Before coming to the conflict between Church and State, with which the legislation of 1790 closes, I must speak of a man memorable far beyond Mirabeau in the history of political thought and political action, who is the most perfect representative of the Revolution. I mean the Abbé Sieyès. As a priest without a vocation, he employed himself with secular studies, and mastered and meditated the French and the English writers of the age, politicians, economists, and philosophers. Learning from many, he became the disciple of none, and was thoroughly independent, looking beyond the horizon of his century, and farther than his own favourites, Rousseau, Adam Smith, and Turgot. He understood politics as the science of the State as it ought to be, and he repudiated the product of history, which is things as they are. No American ever grasped more firmly the principle that experience is an incompetent teacher of the governing art. He turned resolutely from the Past, and refused to be bound by the precepts of men who believed in slavery and sorcery, in torture and persecution. He deemed history a misleading and useless study, and knew little of its examples and its warnings. But he was sure that the Future must be different, and might be better. In the same disdainful spirit he rejected Religion as the accumulated legacy of childhood, and believed that it arrested progress by depreciating terrestrial objects. Nevertheless he had the confidence of Lubersac, Bishop of Tréguier, and afterwards of Chartres, who recommended him to the clergy of Montfort as their deputy.

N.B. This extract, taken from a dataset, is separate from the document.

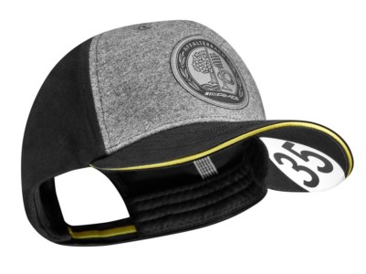 Czarno-szara czapka z daszkiem jest w 100% wykonana z bawełny i zapewnia wysoki komfort. Srebrny klips pozwala idealnie dopasować ją do kształtu głowy. Czapka imponuje również wizualnie – akcentami w kontrastowym, żółtym kolorze oraz spodem daszka z nadrukiem liczby 35. Z przodu uwagę zwracają naszywka z herbem Affalterbach i srebrne, wyhaftowane historyczne logo AMG.
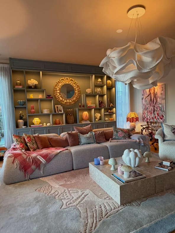 Men nu har den bytts ut mot en lyxig och beige soffa. Den nya möbeln är en födelsedagspresent från Pernillas son Oliver Ingrosso och hans fru Zoey Fay Brown.

Sieyès preferred to stand for the Third Estate at Paris where he was elected last of all the candidates. One of his preliminary tracts circulated in 30,000 copies, and had promptly made him famous, for it was as rich in consequences as the ninety-five theses of Wittenberg. His philosophy of history consisted in one idea. Barbarians had come down from Germany on the people of civilised and imperial Gaul, and had subjugated and robbed them, and the descendants of the invading race were now the feudal nobles, who still held power and profit, and continued to oppress the natives. This identification of privileged noble with conquering Frank was of older date; and in this century it has been made the master-key to modern history. When Thierry discovered the secret of our national development in the remarks of Wamba the Witless to Gurth, under the Sherwood oaks, he applied to us a formula familiar to his countrymen; and Guizot always defined French history as a perpetual struggle between hostile nations until the eighteenth century made good the wrong that was done in the fifth.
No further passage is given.